Question Regarding Data Structure for Echo Chamber Analysis

faalatawi / echo-chamber-score

ECS (Echo Chamber Score) is a method to measure the echo chamber and polarization in social media.

MIT License

5 stars 0 forks source link

Question Regarding Data Structure for Echo Chamber Analysis #1

Closed adafnos closed 10 months ago

adafnos commented 1 year ago

Hi,

thanks for making the code public, this is a very interesting way to study echo chambers. I am planning to use your approach for my case as well. But I have a question about the structure of your datasets. I noticed that the values of the _userid and retweets columns are unique. In my case, the same _userid or even tweets appear more than one time. Is this problematic in your opinion?

Thanks, Andreas

faalatawi commented 1 year ago

Thank you for your interest.

Could you give more details about the issue? Which dataset, file, and user_id?

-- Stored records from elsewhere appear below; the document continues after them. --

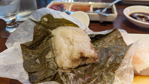 Committing to brunch at Jing Fong is committing to a strong current of people, sounds, and tastes. If youre new to dim sum, Jing Fong offers an amazing experience similar to what you might find in China. If youre old to dim sum, youve probably been here three times but you have two other places where you like the food better. **This review is primarily for someone new to dim sum. If you see the crowd with a few blond heads congregated outside the Elizabeth Street entrance, youve found the right place. Push through to the host stand, put in your name, happily accept the 20 minutes they quote you. Take the briefest moment to marvel at the huuuuuge escalator that will take you to your table and food in about 20 minutes. Now, be quick about it, continue the walk down Elizabeth Street until the street Ts. Just to the left, youll see Vivi Bubble Tea. Go order a small jasmine green tea with bubbles ($2 cash). Stick a fat straw in that sucker and suck er down. Feel happy. Get hype about the meal ahead of you. By the time you get back, it will probably be your turn, but dont expect anyone to tell you that. Let the host know, and insist to be next if theyve skipped your number. It will be no problem. OK, TIME TO EAT! Go up the looooong escalator. Get swept along the tide of waving and beckoning. Marvel at the sea of humanity and red decor. Sit alongside strangers. Receive tea. Ask for water. Let your hunger level and curiosity guide how many things you take from the very first cart that rushes to your table, but dont be afraid to say no and hold out for the better ones. The better ones: Sticky rice with chicken wrapped in banana leaf Steamed pork buns Fried taro with ground pork inside Radish cakes (although they were unusually shrimpy this past time) Shrimp in long rice noodle Huge ass plate of greens (you may have to go to the "buffet" to get them--dont forget your stamp card!) Egg custards The less good ones: Dumplings (pork especially) Sesame balls (you think theyll be good, but they arent) Chicken feet Tripe (not my thing) Havent tried: Clams That big pot of mushy tofu stuff scooped to order Pro tip: Drink lots of tea. It will keep you from overeating and it will speed along the metabolism process, if you know what I mean. Flip the lid to indicate that the pots empty, and youll get a new one pronto.
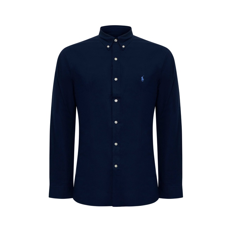 Stretch cotton shirt Blue and white stripes Pointed button-down collar Front button fastening and buttoned cuffs Embroidered logo on the chest Rounded hem Made in ExtraEU
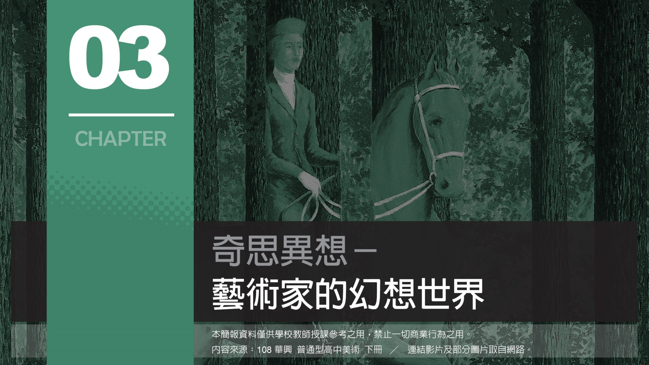 ❶你比較喜歡古典的超現實主義或有機的超現實主義的表現方式?請分享喜歡的原因與藝術家。 ❷尋找臺灣的超現實主義藝術家,並分享他的創作特色。 ❸超現實主義表現的形式擴及各種藝術領域如戲劇、舞臺、攝影、電影、建築、雕刻等。請同學蒐集具有超現實主義風格的其他藝術領域,並分享其表現的方式與特點。
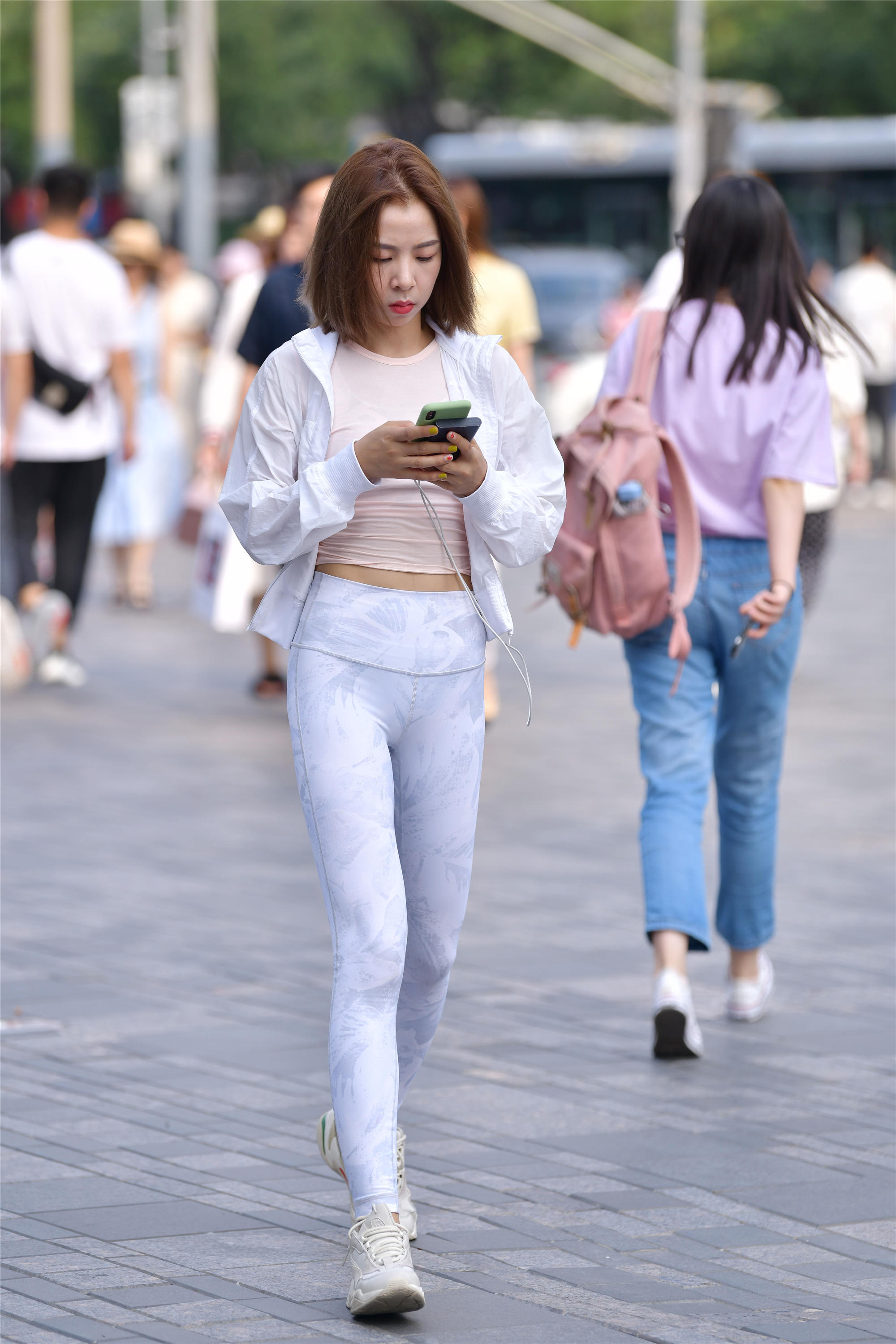 现在流行城市健身,很多小姐姐也在坚持健身,让自己身材变得更好,穿着更加漂亮的衣服,现在的街上也可以看到很多穿着健美裤的姑娘,在展示她们的身材,看一下这位美女,白色瑜伽裤,非显身材,搭配一件米粉色的衬衣,外面一件防晒服,脚下穿着一双运动鞋,这样更加符合这一身搭配,穿搭很简单,可以逛街,也可以直接去健身房,运动的美女就是有活力。
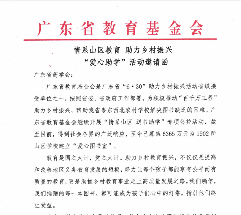 廣東省藥學(xué)會(huì)繼續(xù)積極支持我省“百千萬(wàn)工程-情系山區(qū)送書(shū)助學(xué)”專項(xiàng)公益活動(dòng),助推我省粵東西北鄉(xiāng)村教育事業(yè),支持學(xué)校建設(shè)書(shū)香校園,以實(shí)際行動(dòng)為我省革命老區(qū)、邊遠(yuǎn)山區(qū)教育事業(yè)添磚加瓦、奉獻(xiàn)愛(ài)心,彰顯社會(huì)責(zé)任與社會(huì)擔(dān)當(dāng)。
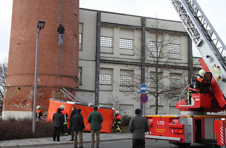 Im Einsatz sind etwa 50 Rettungskräfte von Polizei, Feuerwehr, BRK und Bergwacht. Unten am Turm hat die Feuerwehr ein Rettungskissen aufgebaut, das dann glücklicherweise nicht gebraucht wird. Die Feuerwehr spricht von der Drehleiter aus mit dem 23-Jährigen. Er lässt sich nach einer Stunde dazu bewegen, nach unten zu klettern, als Oberbürgermeister Henry Schramm gekommen ist. Mit ihm will der junge Mann sprechen, erhofft sich Hilfe in seiner Situation.
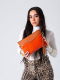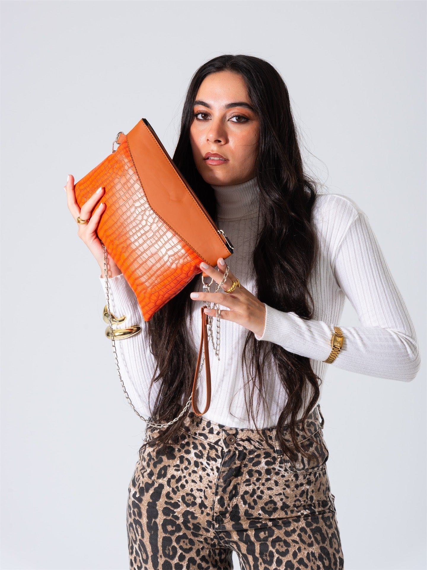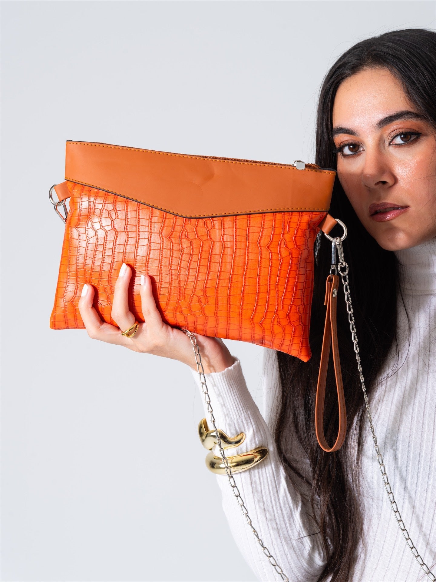 Elevate your evening ensemble with this striking metallic texture clutch in vibrant orange. Crafted with meticulous attention to detail, the shimmering surface catches light beautifully, adding sophisticated glamour to any occasion. The compact silhouette fits essentials effortlessly while the rich orange hue makes a bold statement. Perfect for cocktail events, dinners, or upscale gatherings where refined style matters. A versatile accessory that transitions seamlessly from day to night.
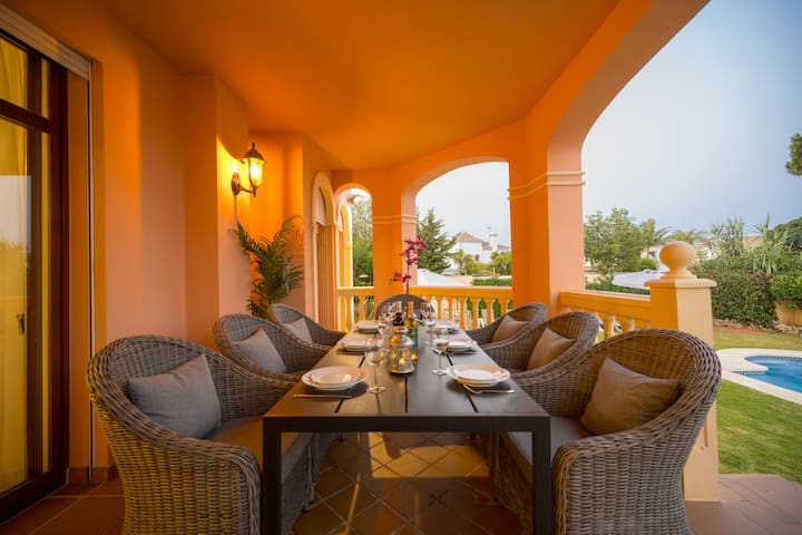 Puerto Banus je za rohom, 3 minúty autom a 30 minút chôdze po promenáde pri pláži, ktorá vedie až do Marbelly. Vila ponúka 395m2 rozložené na 3 podlažiach, 6 spální všetky s novými lôžkami a TV, 3 spálne s vlastnou kúpeľňou a 3 s prístupom k hornej terase. V priestrannej jedálenskej časti sa spolu pohodlne zožnia 12 osôb. Salónik má krásne posedenie s koženými pohovkami okolo televízie a krbu a má tiež biliardový stôl, ktorý ponúka skvelú zábavu pre vás a vašich drahých. Odtiaľto máte tiež prístup na hlavnú terasu domu s priestrannými posedeniami.
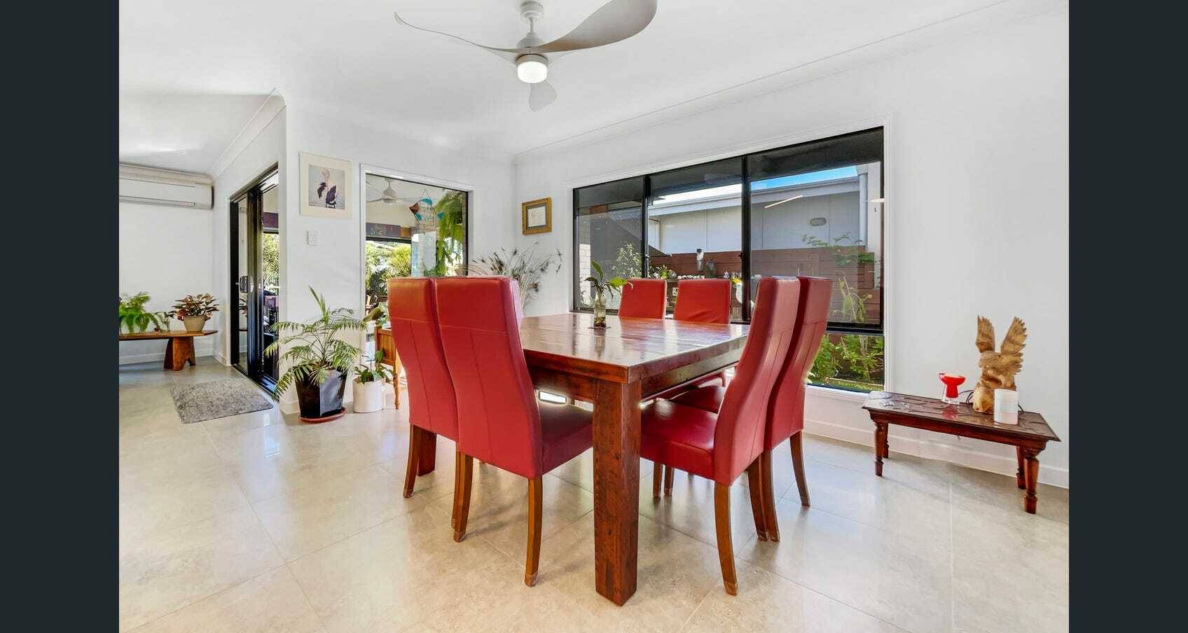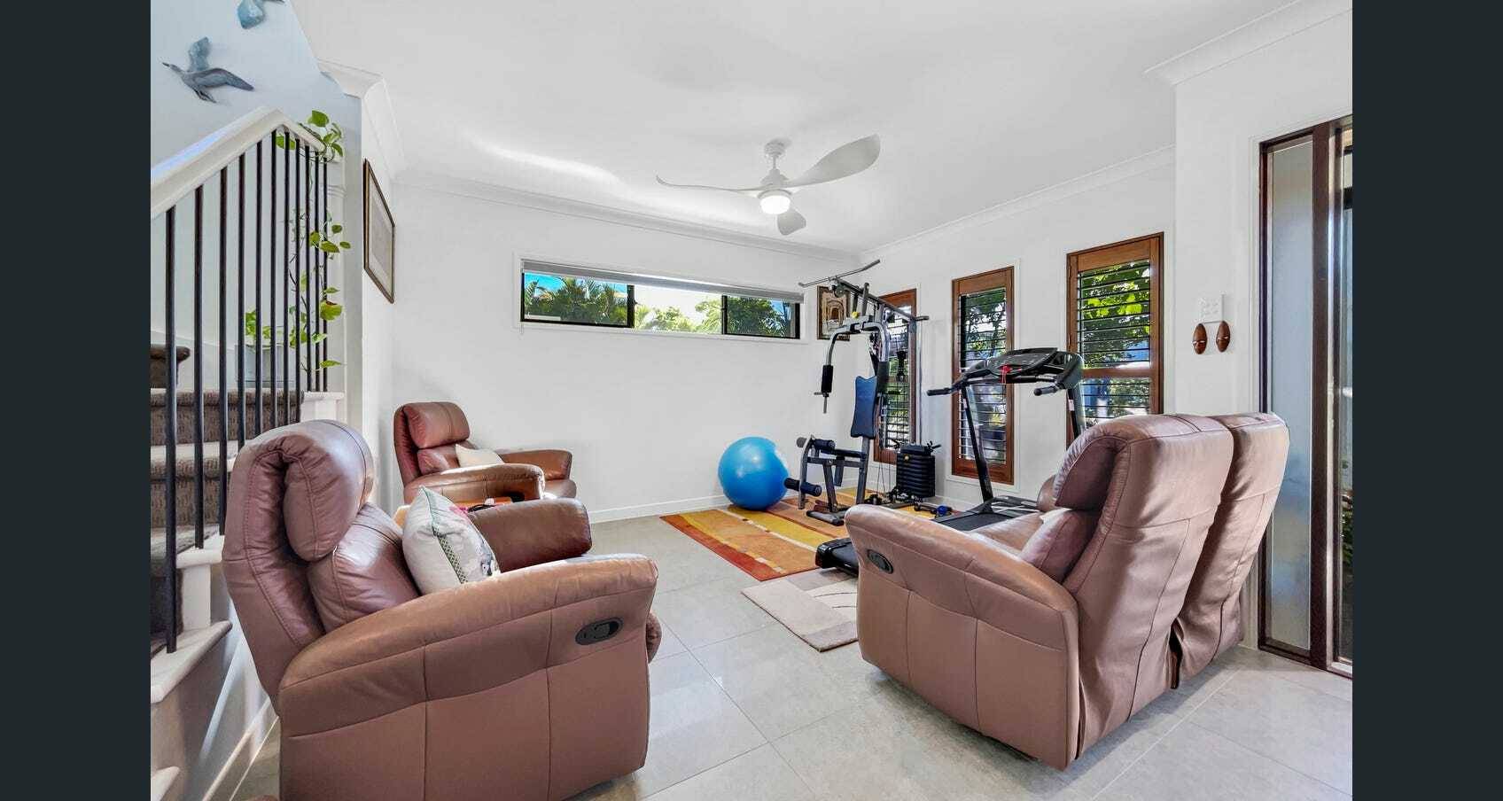 Set in the Boardwalk Estate of Mt Coolum, this 2 story home is large and spacious. With multiple living areas both upstairs and downstairs, including a large Media room that could be used as a 4th bedroom. The large Main bedroom has a private balcony to catch the see breezes and hear the gentle sounds of the waves. Open plan living leading out to a garden lined outdoor patio.
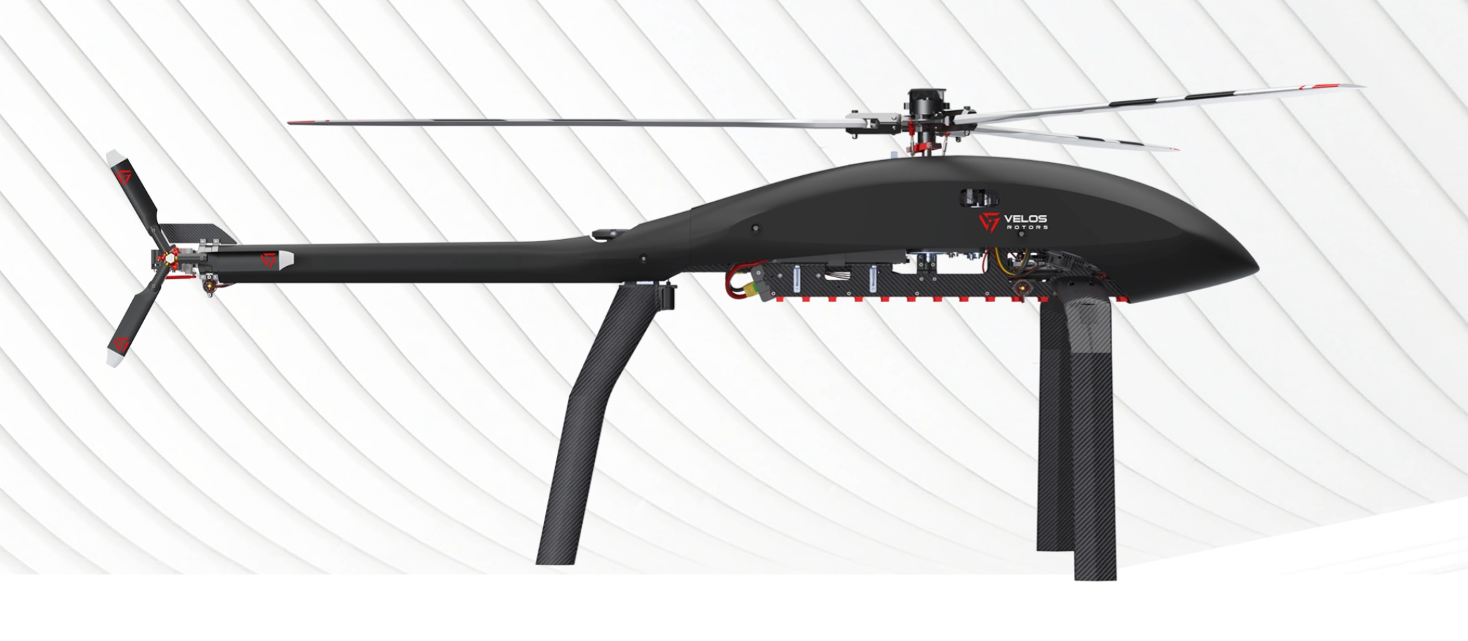 Unlike most UAV helicopters that are built with common hobby-grade parts, the Velos V3 D-FEND was designed from scratch with three core objectives:
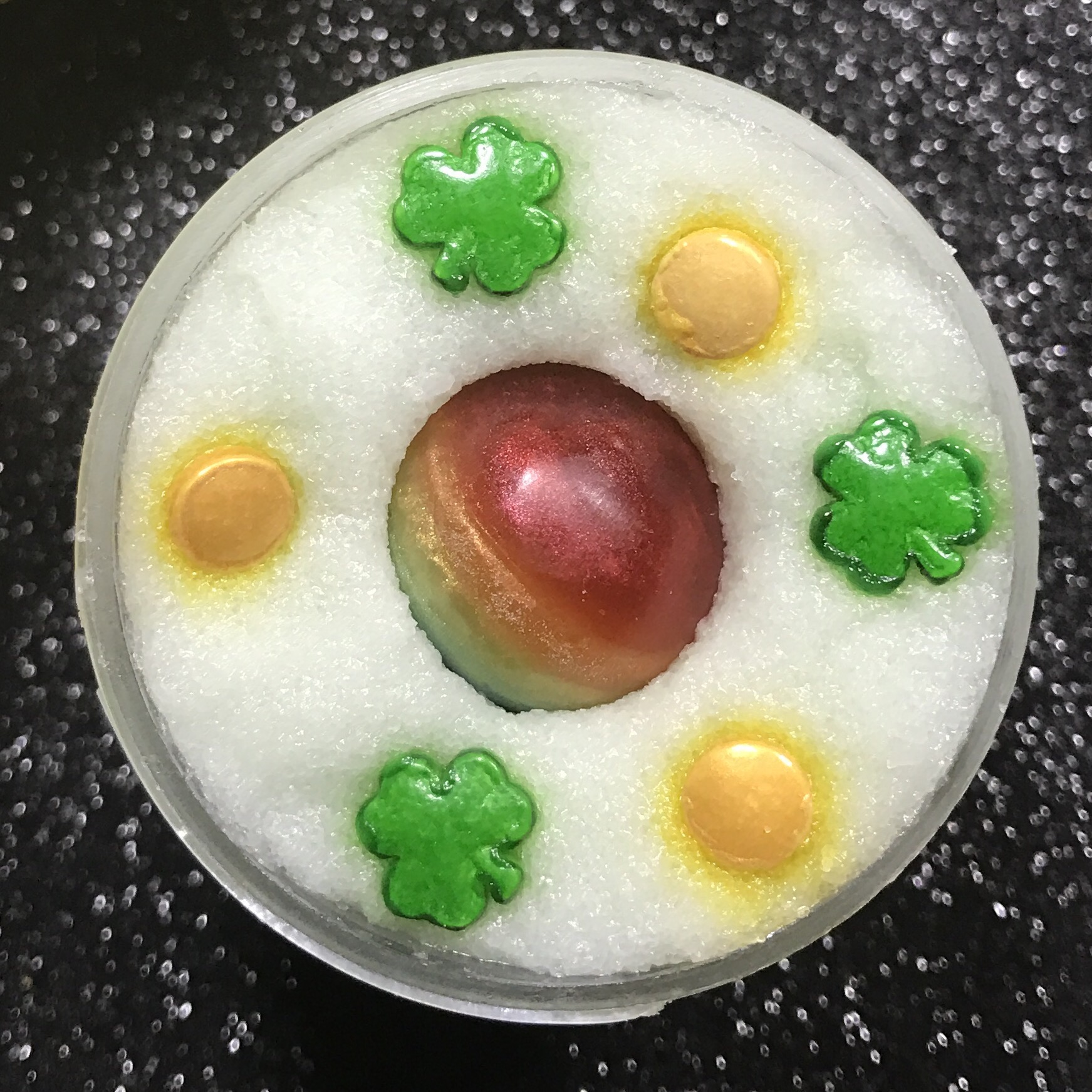 DESCRIPTION: A beautifully decorated wax melt with sparkle and detail almost too pretty too melt

adafnos commented 1 year ago

For example, if you analyse the gun dataset (data/gun/tweets.feather), it has two columns, i.e. user_id and tweets. The shape of the dataframe is (6941, 2). The length of the unique values in the user_id column is also 6941. This is not the case with my data.

I'm asking this question because after trying your code, I always get two communities: one very small one with, say, < 50 nodes and another with > 30000 nodes. I tried different time intervals for the RT networks, but the results are always the same: one small community and another large one. I just wanted to make sure that the structure of my dataset doesn't affect the results.

faalatawi commented 1 year ago

Which code? Are you talking about community detection?

adafnos commented 1 year ago

Hi, everything works fine now. I hadn't realised that I needed to group together all the tweets that belong to the same user, that's why the results did not make sense.